The present invention relates generally to semiconductor device manufacturing and, more particularly, to methods of protecting exposed metal gate structures from etching processes during integrated circuit manufacturing.
In standard complementary metal oxide semiconductor (CMOS) devices, polysilicon is typically used as the gate material. The technology of fabricating CMOS devices using polysilicon gates has been in a constant state of development, and is now widely used in the semiconductor industry. One advantage of using polysilicon gates is that they can sustain high temperatures. However, there are also some problems associated with using a polysilicon gate.
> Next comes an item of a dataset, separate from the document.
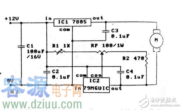用集成電路驅(qū)動電機的情況也較多,和一般的三端穩(wěn)壓器直接驅(qū)動不同,圖8電路使電機可以獲得從0V至7V的驅(qū)動電壓,因而具有低壓調(diào)速性能,IC1為 正輸出的固定穩(wěn)壓器,IC2為可調(diào)負輸出的四端穩(wěn)壓器,調(diào)節(jié)R1可以使電機獲得零電壓,由于IC2的散熱片內(nèi)部與輸入端相連,因此IC1, IC2可用公共散熱器,以適應低壓工作。
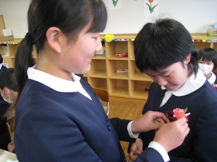 5年生にコサージュをつけてもらい、卒業式に臨む6年生。

For example, due to the poly-depletion effect, polysilicon gates commonly used in CMOS devices are becoming a gating factor in chip performance for channel lengths of 0.1 micron and below. Another problem with polysilicon gates is that the dopant material in the polysilicon gate (e.g., boron) can easily diffuse through the thin gate dielectric, causing further degradation of the device performance.
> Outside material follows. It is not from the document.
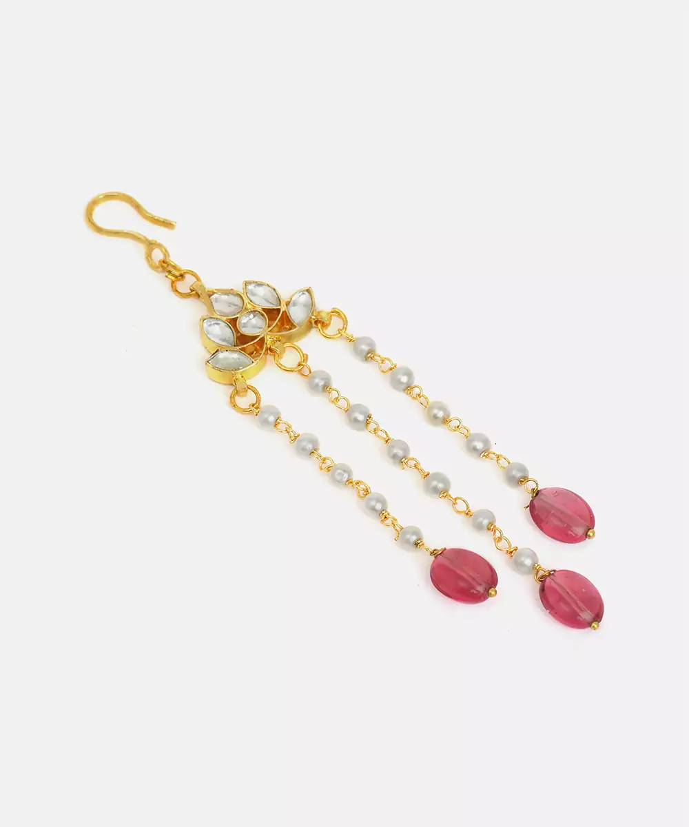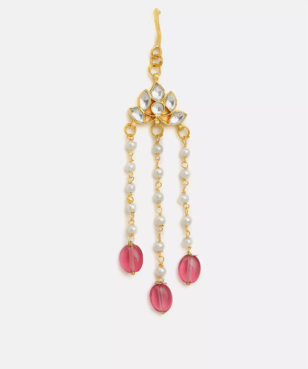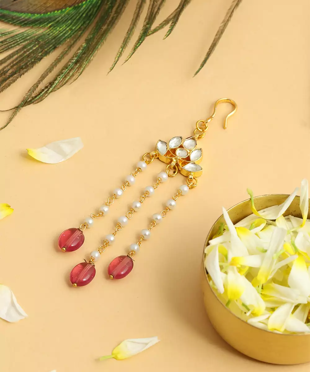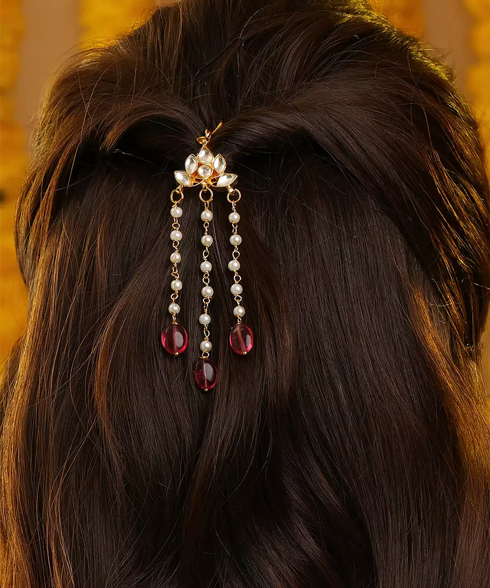 This Gold Plated Kundan Hair Clip Is Highlighted With Striking Red Stones That Bring A Bold And Royal Touch To Hairstyles. Crafted With Precision, It Secures Hair Neatly While Enhancing Festive Appeal. Ideal For Weddings And Celebrations, It Adds Charm To Traditional And Fusion Outfits.

Thus, one proposed way of improving the performance of sub-micron transistors is to use metal gate stacks (e.g., polysilicon over metal) in place of conventional polysilicon gates, particularly with the advent of high dielectric constant (high-k) gate dielectric materials such as, for example, hafnium dioxide (HfO2), hafnium silicon oxynitride (HfSiON), and zirconium dioxide (ZrO2). The metal gate electrode portions of the gate stack are configured with an appropriate work function, and may include materials such as, for example, lanthanum (La), aluminum (Al), magnesium (Mg), ruthenium (Ru), titanium-based materials such as titanium (Ti) and titanium nitride (TiN), tantalum-based materials such as tantalum (Ta) and tantalum nitride (TaN) or tantalum carbide (TaC).
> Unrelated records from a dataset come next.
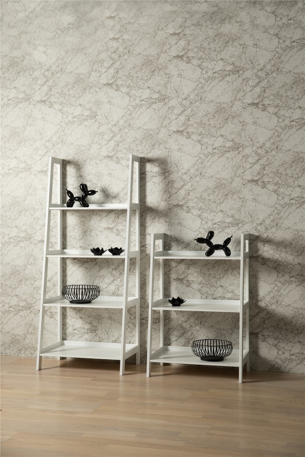 Regał Wally II wykonany został z płyty mdf lakierowanej na kolor biały. Każda półka posiada maksymalny udźwig do 30kg. Regał wykonany został w skandynawskim stylu.
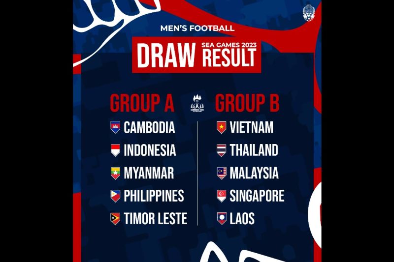 Hasil undian cabang olahraga sepak bola putra pada SEA Games 2023 di Kamboja, Rabu.
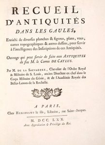 LA SAUVAGÈRE (Félix le Royer de) - Recueil d’antiquités dans les Gaules […] Ouvrage qui peut servir de suite aux Antiquité de feu M. le comte de Caylus. Paris, Hérissant Fils, 1770. In−4, ornée de 29 planches dépliantes h.−t. Une...
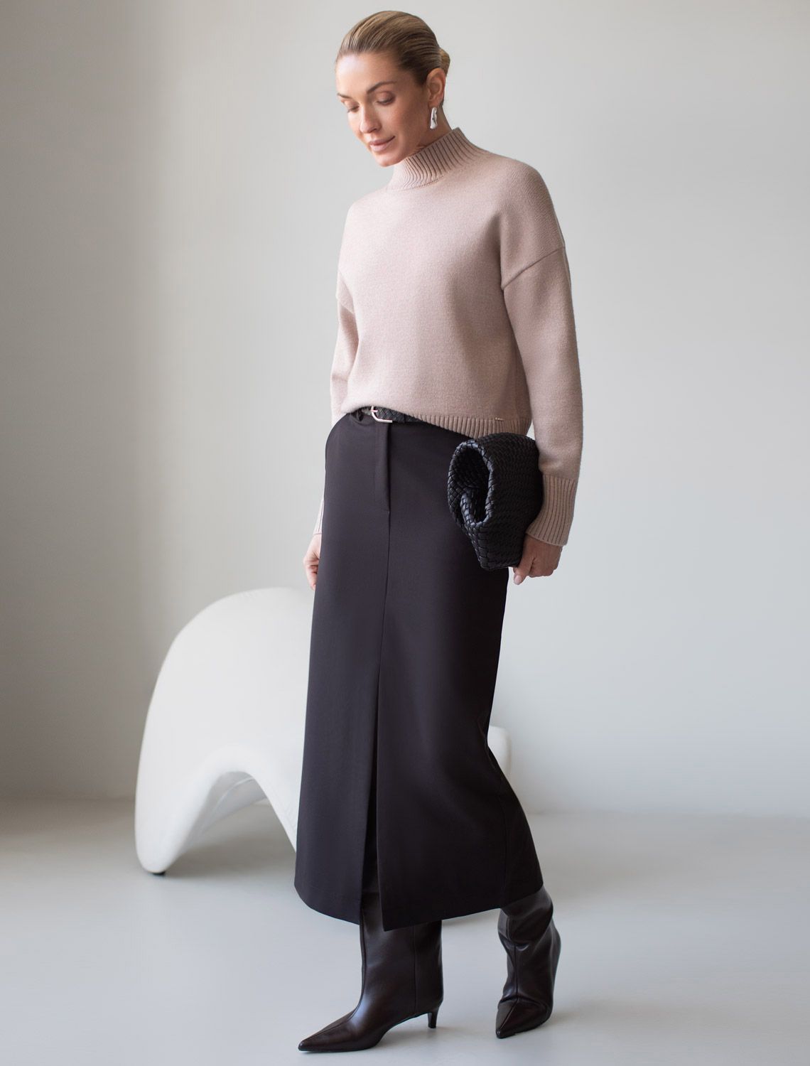 Юбка миди с двумя трендовыми разрезами выполнена из премиальной поливискозы с эластаном. Элегантная модель по фигуре хорошо впишется в строгий деловой образ, не нарушая выдержанного дресс-кода. Эластичный материал поддерживает оптимальный микроклимат, формоустойчивость и комфорт в течение всего дня.

During the fabrication of an integrated circuit device, structures such field effect transistor (FET) gate stacks are exposed to various etchant and cleaning chemistries. To protect the gate stack, particularly a gate stack comprising sensitive materials such as high-k dielectrics and metal gate-forming materials, a silicon nitride spacer is formed adjacent sidewalls of the gate stack. However, depending on non-uniformities of the gate stack fabrication process or non-uniformities created during preparation of the semiconductor substrate prior to fabrication of the gate stacks, a silicon nitride spacer may not be adequate to protect the high-k metal gate (HKMG) stack.
For example, prior to fabrication of the gate stacks, shallow trench isolation (STI) regions are formed within a semiconductor substrate to electrically isolate other regions of the semiconductor substrate. Typically, the STI regions are fabricated by etching regions of the substrate (exposed by a patterned hardmask over the substrate) to form trenches therein, and depositing an insulating material such as silicon oxide in the trenches. The deposited oxide is then planarized, followed by removal of the hardmask used in creating the STI pattern. In order to remove the hardmask, a wet etch chemistry is applied, which can result in the slight lateral etching of the STI oxide material. This lateral etching in turn causes a divot or void to be formed at the edge of the STI region bordering the active semiconductor region.
Where a gate stack layer is formed at the border of the active and STI regions (i.e., over a divot or step height in topography), portions of the metal gate material may be left unprotected by sidewall spacers and thus susceptible to wet etch chemistries during subsequent middle-of-line (MOL) processing operations. Such etching can create a void within the gate stack and thus device failure and gate lift-off. In addition to STI divots, metal gate footings can also result in gate structures formed on a planar surface, such as dummy gates formed on STI regions that are adjacent an active area where a step height is present. Footings can also result from various non-uniformities in reactive ion etching processes, photolithography processes used to form the gate stacks, and the like.